About this task:
Go through the data below and copy it exactly, skipping every picture.

Given records:
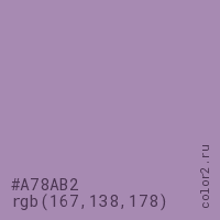 Цвет #A78AB2 в цветовой модели RGB обозначается тремя октетами (167, 138, 178) в десятичном формате и #A78AB2 в шестнадцатиричном (hex) формате, которые являются интенсивностью красного 167 (hex A7), интенсивность зелёного 138 (hex 8A) и интенсивность синего 178 (hex B2).
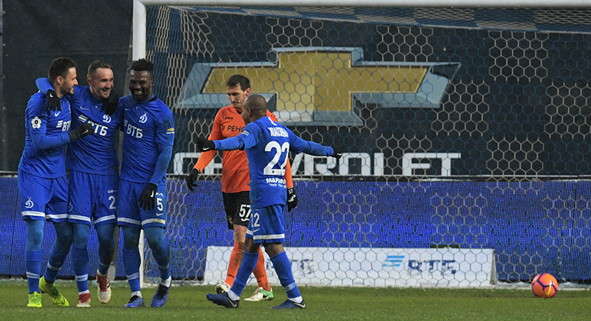 Второй слева - автор гола игрок ФК "Динамо" Алексей Козлов Второй слева - автор гола игрок ФК "Динамо" Алексей Козлов Фото: Владимир Федоренко/РИА Новости
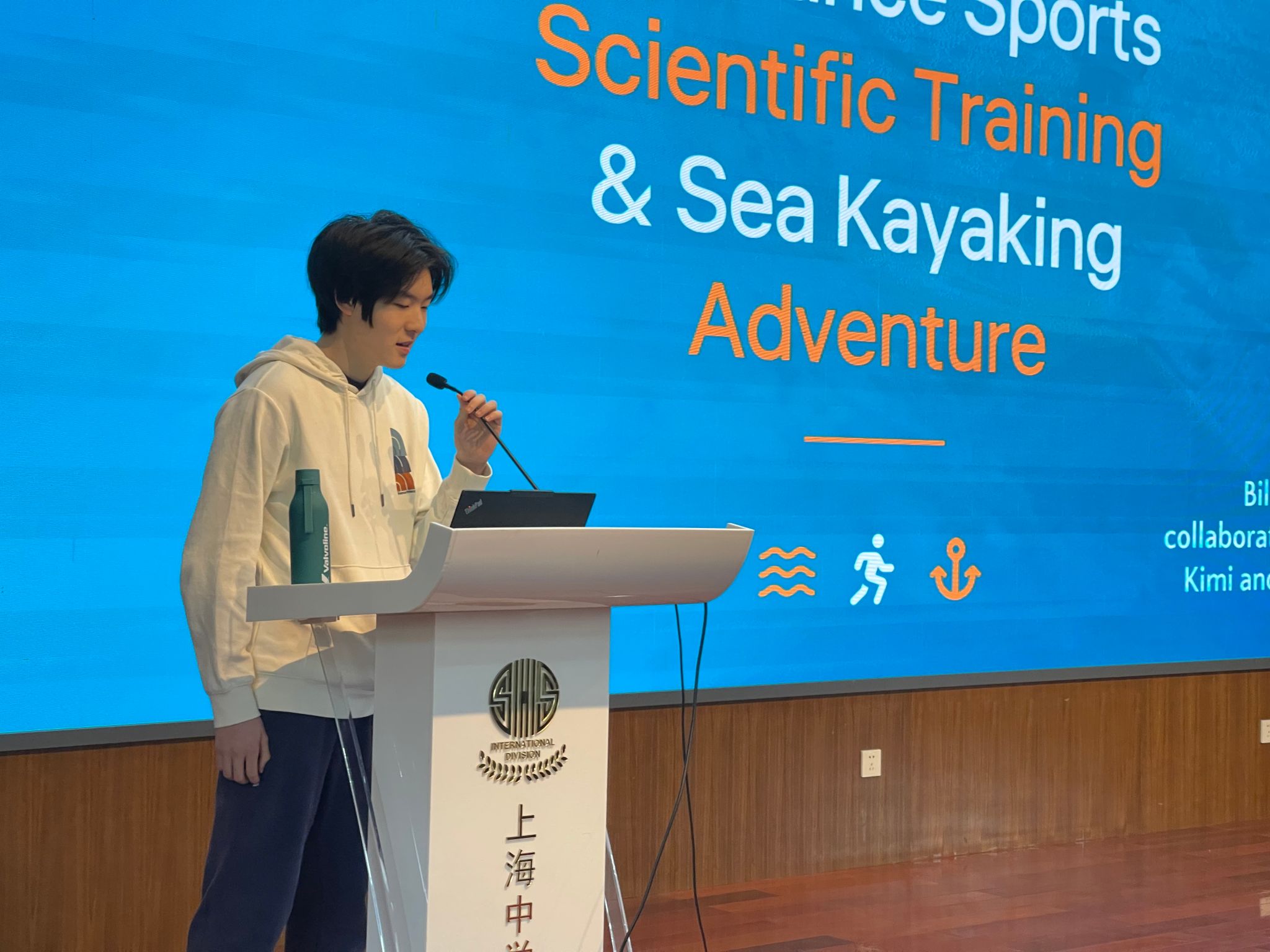 3月20日,国际部十二年级全体学生齐聚先棉堂辅楼礼堂,举行例行晨会。本周,12-6 班的蒋同学走上讲台,带来了一场以耐力运动、科学训练以及渤海海上皮划艇探险为主题的分享。
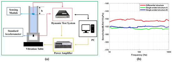 This study implemented three distinct signal readout configurations based on the signal conditioning circuit: differential structure, single-ended structure A, and single-ended structure B. In the differential structure, the signal conditioning circuit is connected to both the IE and OE, while the bottom electrode is grounded. In single-ended structure A, the bottom electrode and OE are connected to the signal conditioning circuit with the IE left floating. In single-ended structure B, the bottom electrode and IE are connected to the signal conditioning circuit, while the OE remains floating. This work evaluated the sensing module’s sensitivity using the experimental configuration illustrated in Figure 8a. The sensing module under test was first fixed at a predetermined height h above the liquid surface. Subsequently, the acceleration and frequency of the vibration signal were set, and the vibration signal was amplified by a power amplifier before being output to the shaker. At the last stage, the sensing module transmits the electrical signal to the dynamic test system. The sensitivity () of the sensing module was calculated using Equation (7) []:
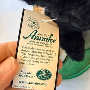 Adorable Annalee plush bear with a toy trash can. Features black fur and a cute face. Includes a green base. Please look at the picture so the condition details. A little bit dusty and a little discoloration and the tissue paper that's in the trashcan. This is about 7 inches tall.
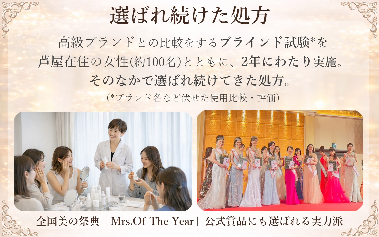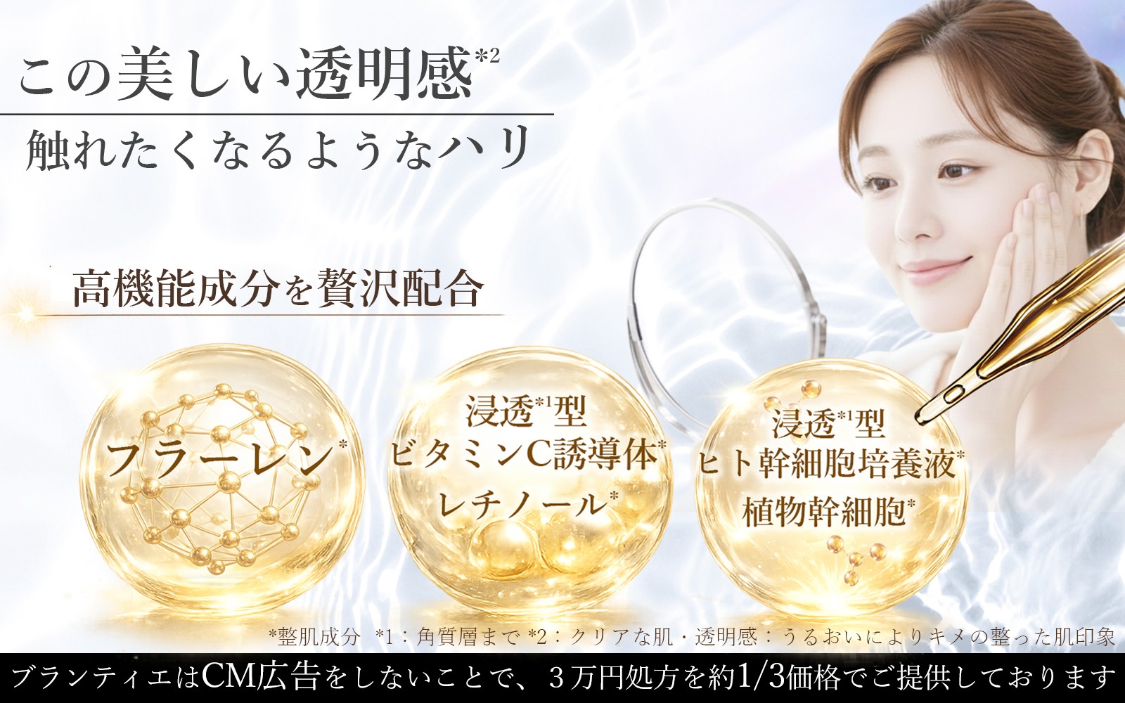 「結局、化粧品は何を使っても変わらない...」そんな違和感からブランティエは生まれました。さらに、国内外の高級化粧品に触れてきた芦屋在住の女性約100名による特殊なブラインド試験を2年にわたり実施し、高級ブランドと同等水準の処方が完成しました。「本物を知ってほしい。」という思いから、CM広告を行わないことで、高級ブランド発想の処方を、手に取りやすい価格で実現しました。
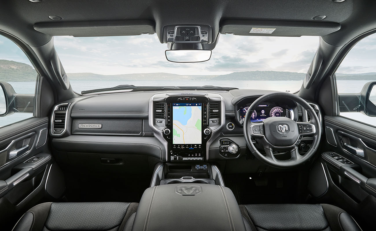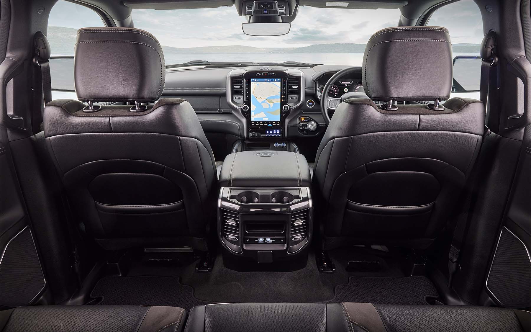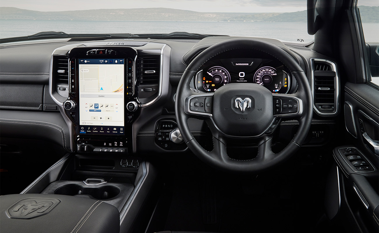 The Ram 1500 Laramie® Sport features a supersized class-exclusive 12-inch fully configurable touchscreen display, keeping infotainment, navigation, and vehicle settings, all at your fingertips. What's more, the driver benefits from a new 12" digital cluster with full-colour 3D graphics and full screen navigation directly within your line of sight. Additionally, with colour-customisation and easy-to-see vehicle stats, this display can help boost your confidence behind the wheel. Inside the cabin, you will experience the most powerful audio system ever available in a pickup truck. The powerful 900-watt Harman Kardon® sound system features a total of 19 speakers* that ensure an unrivalled entertainment experience in the cabin. An active noise cancellation system and acoustic glass reduce ambient sounds to extremely low levels, making this generation 1500 the quietest RAM ever. So quiet in fact, you’ll feel like you’re in a large luxury SUV.
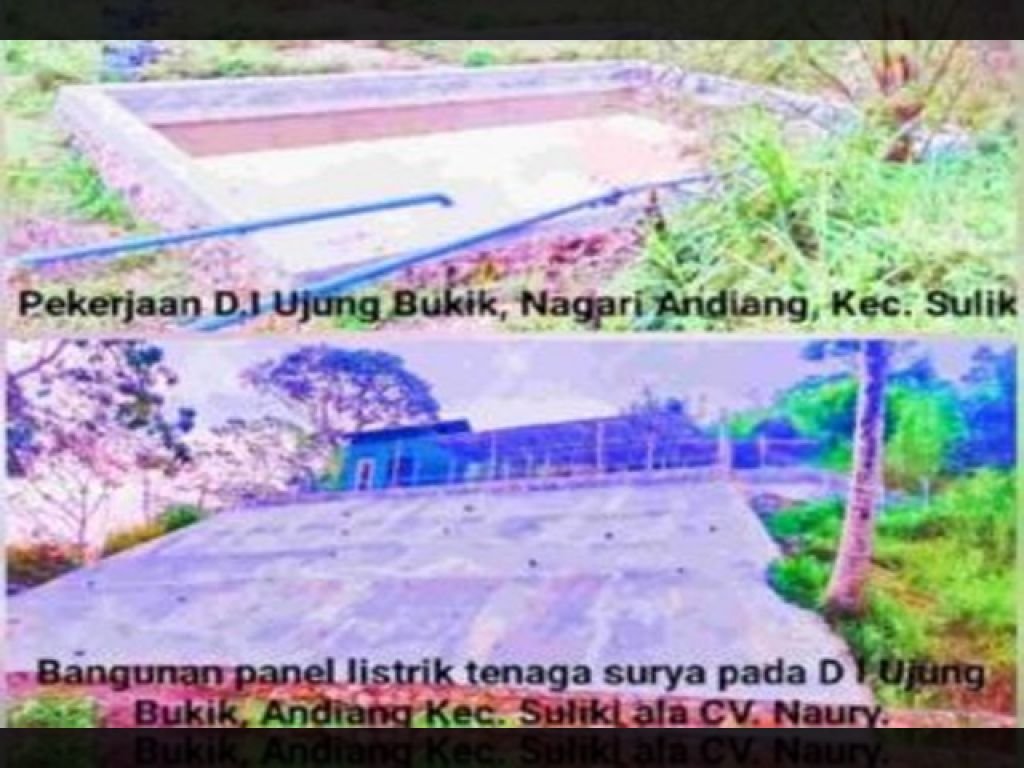 Dalam relisnya LSM AMPERA Indonesia, sebutkan dari pelaksanaan pekerjaan Bidang SDA PUPR Limapuluh Kota TA 2021 itu, yakni Rehabilitasi Jaringan Irigasi Permukaan (PDMIP) dari 8 program SDA PUPR TA. 2021 lalu, selain pekerjaannya diduga sarat KKN, juga berpotensi mubazir dan merugikan keuangan daerah, yakni D.I ( Daerah Irigasi ) Ujung Bukit, lokasi Andiang Kec. Suliki, yang dikerjakan CV. NAURY senilai Rp.1.379.975.780,70.

Solution for this exercise:
 Цвет #A78AB2 в цветовой модели RGB обозначается тремя октетами (167, 138, 178) в десятичном формате и #A78AB2 в шестнадцатиричном (hex) формате, которые являются интенсивностью красного 167 (hex A7), интенсивность зелёного 138 (hex 8A) и интенсивность синего 178 (hex B2).
 Второй слева - автор гола игрок ФК "Динамо" Алексей Козлов Второй слева - автор гола игрок ФК "Динамо" Алексей Козлов Фото: Владимир Федоренко/РИА Новости
 3月20日,国际部十二年级全体学生齐聚先棉堂辅楼礼堂,举行例行晨会。本周,12-6 班的蒋同学走上讲台,带来了一场以耐力运动、科学训练以及渤海海上皮划艇探险为主题的分享。
 This study implemented three distinct signal readout configurations based on the signal conditioning circuit: differential structure, single-ended structure A, and single-ended structure B. In the differential structure, the signal conditioning circuit is connected to both the IE and OE, while the bottom electrode is grounded. In single-ended structure A, the bottom electrode and OE are connected to the signal conditioning circuit with the IE left floating. In single-ended structure B, the bottom electrode and IE are connected to the signal conditioning circuit, while the OE remains floating. This work evaluated the sensing module’s sensitivity using the experimental configuration illustrated in Figure 8a. The sensing module under test was first fixed at a predetermined height h above the liquid surface. Subsequently, the acceleration and frequency of the vibration signal were set, and the vibration signal was amplified by a power amplifier before being output to the shaker. At the last stage, the sensing module transmits the electrical signal to the dynamic test system. The sensitivity () of the sensing module was calculated using Equation (7) []:
 Adorable Annalee plush bear with a toy trash can. Features black fur and a cute face. Includes a green base. Please look at the picture so the condition details. A little bit dusty and a little discoloration and the tissue paper that's in the trashcan. This is about 7 inches tall.
 「結局、化粧品は何を使っても変わらない...」そんな違和感からブランティエは生まれました。さらに、国内外の高級化粧品に触れてきた芦屋在住の女性約100名による特殊なブラインド試験を2年にわたり実施し、高級ブランドと同等水準の処方が完成しました。「本物を知ってほしい。」という思いから、CM広告を行わないことで、高級ブランド発想の処方を、手に取りやすい価格で実現しました。
 The Ram 1500 Laramie® Sport features a supersized class-exclusive 12-inch fully configurable touchscreen display, keeping infotainment, navigation, and vehicle settings, all at your fingertips. What's more, the driver benefits from a new 12" digital cluster with full-colour 3D graphics and full screen navigation directly within your line of sight. Additionally, with colour-customisation and easy-to-see vehicle stats, this display can help boost your confidence behind the wheel. Inside the cabin, you will experience the most powerful audio system ever available in a pickup truck. The powerful 900-watt Harman Kardon® sound system features a total of 19 speakers* that ensure an unrivalled entertainment experience in the cabin. An active noise cancellation system and acoustic glass reduce ambient sounds to extremely low levels, making this generation 1500 the quietest RAM ever. So quiet in fact, you’ll feel like you’re in a large luxury SUV.
 Dalam relisnya LSM AMPERA Indonesia, sebutkan dari pelaksanaan pekerjaan Bidang SDA PUPR Limapuluh Kota TA 2021 itu, yakni Rehabilitasi Jaringan Irigasi Permukaan (PDMIP) dari 8 program SDA PUPR TA. 2021 lalu, selain pekerjaannya diduga sarat KKN, juga berpotensi mubazir dan merugikan keuangan daerah, yakni D.I ( Daerah Irigasi ) Ujung Bukit, lokasi Andiang Kec. Suliki, yang dikerjakan CV. NAURY senilai Rp.1.379.975.780,70.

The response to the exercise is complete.